Даёт ли всё это вместе взятое основание считать теорию относительности революцией в науке и торжество диалектического материализма, – предоставляем судить читателю» [5. С. 114].
Естественно, что Тимирязев приветствовал и широко пропагандировал результаты новых интерференционных экспериментов (типа опытов Майкельсона – Морли), якобы подтверждающих влияние движения Земли на скорость света и, следовательно, опровергающих принцип относительности. Эти опыты были проведены в 1921–1925 гг. Дейтоном Миллером. Тимирязев опубликовал переводы его статей [6–8] в журналах «Под знаменем марксизма» и «Воинствующий материалист».
В своих комментариях к этим статьям Тимирязев подчёркивал принципиальную важность результатов Дейтона Миллера. «Вся специальная теория относительности, – писал он, – перестала существовать, так как она построена на преобразованиях Лоренца–Эйнштейна, эти преобразования опирались на принцип постоянства скорости света, а этот принцип теперь опровергнут 9000 тщательнейших измерений!» [9].
Тимирязев рассказал об опровержении теории относительности даже в газете «Известия» [10]. Подробно описав саму постановку опытов Дейтона Миллера, он посетовал на то, что это «эпохальное достижение» было принято весьма сдержанно, хотя её результаты опровергают теорию относительности.

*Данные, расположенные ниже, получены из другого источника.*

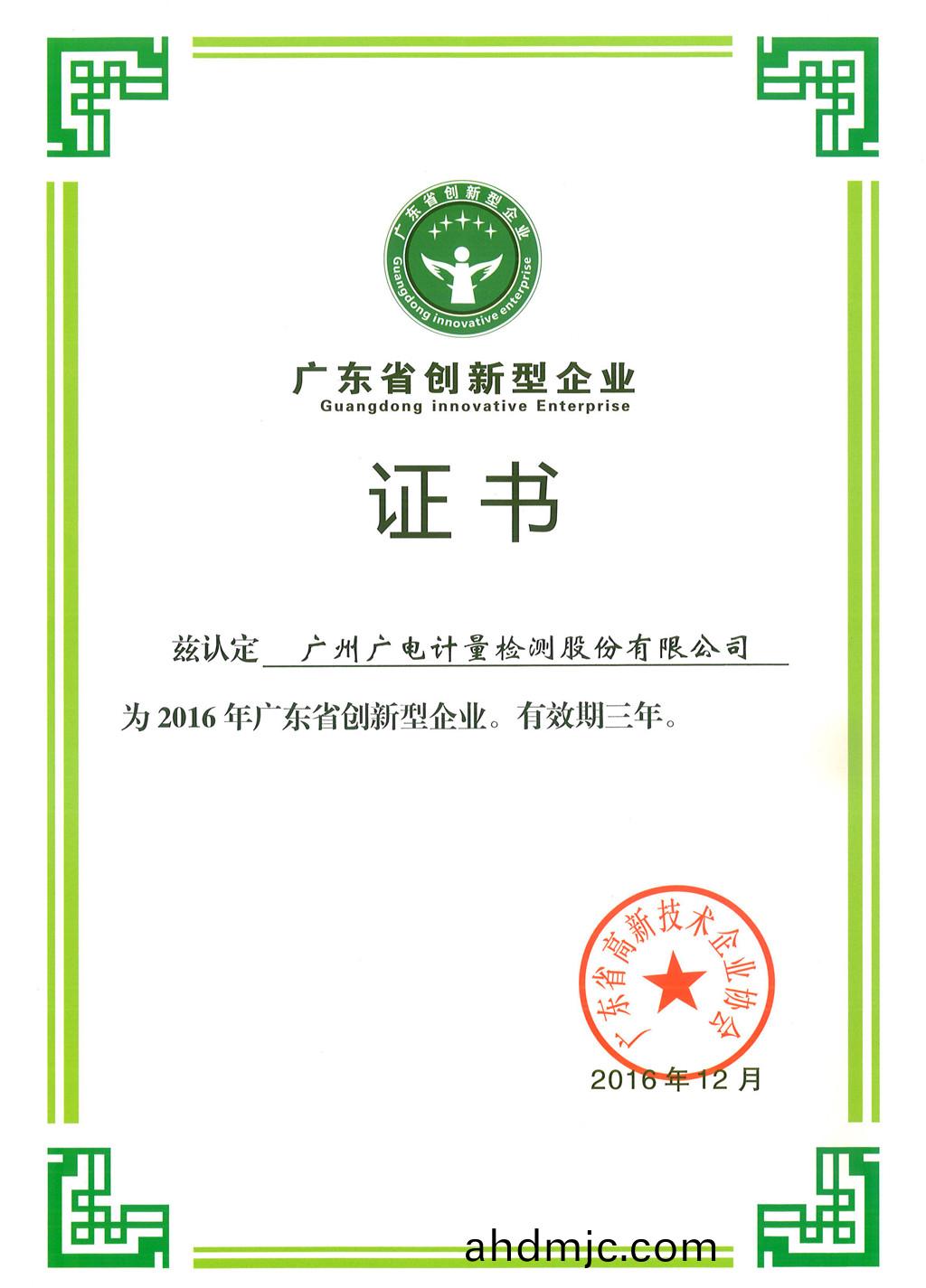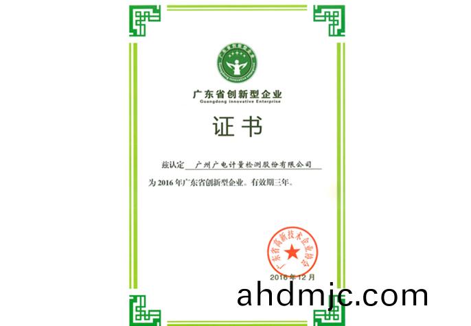2016年廣東省(sheng)創新型(xing)企業”資(zi)質證書

Многие специалисты подозревают наличие в этих опытах систематической ошибки. Но Тимирязев объясняет это следующим образом: «Всем известно, что теорией относительности весьма охотно пользуются для борьбы с материализмом. Отсюда ясно, что если рушится теория, то рушатся сами собой и все толки об опровержении материализма, а это в эпоху революций крайне невыгодно для капиталистического мира; поэтому вовсе не входит в его интересы распространять какие-либо сведения о том, что почва у тех, кто опровергает ″зловредный материализм″, ушла уже из под ног» [10].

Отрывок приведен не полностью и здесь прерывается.